I have these 3 arrays

names = ["tomatoes", "bananas", "carrot", "tshirt", "microwave"]
categories = ["food", "food", "food", "clothing", "kitchen"]
prices = ["1.49", "0.79", "1.99", "7.99", "200.99"]

I want to create and array like this for each of them

["food", "tomatoes", "1.49"]

I have lots of data so i am trying to create a function that will do this more efficiently then I will try to combine everything into one big array. Ex: [["food", "tomatoes", "1.49"], ["food", "bananas", "0.79"], ["food", "carrot", "1.99"], ["clothing", "tshirt", "7.99"], ["kitchen", "microwave", "200.99"]] I tried using map but I'm not that familiar with programming so I cant wrap my head around this

CodePudding user response：

Not a direct answer to your question but what you really need is to structure your data:

struct Product {
    let name: String
    let category: Category
    let price: Double
}

enum Category: String {
    case food, clothing, kitchen
}

Then you can simply create a product array:

var products: [Product] = []

CodePudding user response：

You want to zip three sequences, but the standard library only supports two, for now. See this other answer for a great solution that relies on code generation. Here is another solution that does not:

Array([categories, names, prices].zipped)

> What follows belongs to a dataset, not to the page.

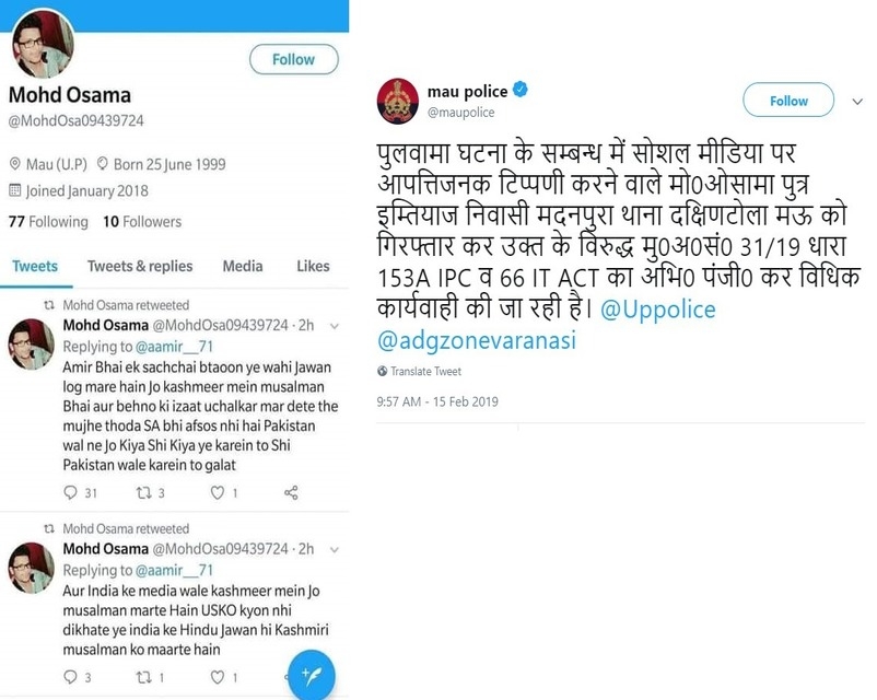 10. मऊ, यूपी में रहने वाले मो. ओसामा ने शहीदों का अपमान किया और पाकिस्तान का समर्थन किया। यूपी पुलिस ने तुरंत मामला दर्ज करते हुए। मो. ओसामा को गिरफ्तार कर लिया।

import Algorithms // for `compacted`

public extension Sequence where Element: Sequence {
  /// Like `zip`, but with no limit to how many sequences are zipped.
  var zipped: AnySequence<[Element.Element]> {
    .init(
      sequence(
        state: map { $0.makeIterator() }
      ) { iterators in
        let compacted = iterators.indices.map { iterators[$0].next() }.compacted()

        guard compacted.count == iterators.count else {
          return nil
        }

        return .init(compacted)
      }
    )
  }
}

CodePudding user response：

The simple way of doing it is to loop over the three arrays in parallel. To prevent index errors you should work to the bounds of the smallest array. You could do it with a for loop, but IMO it's cleaner to use 'reduce(into:)

let items = min(names.count, categories.count, prices.count)
let all = ( 0 ..< items ).reduce(into: [[String]]()) {
   $0.append( [names[$1], categories[$1], prices[$1] ])
}

or, picking up on @Leo Dabus's good advice:

let products = ( 0 ..< items ).reduce(into: [Product]()) {
   $0.append( Product(name: names[$1], category: categories[$1], price: prices[$1]) )
}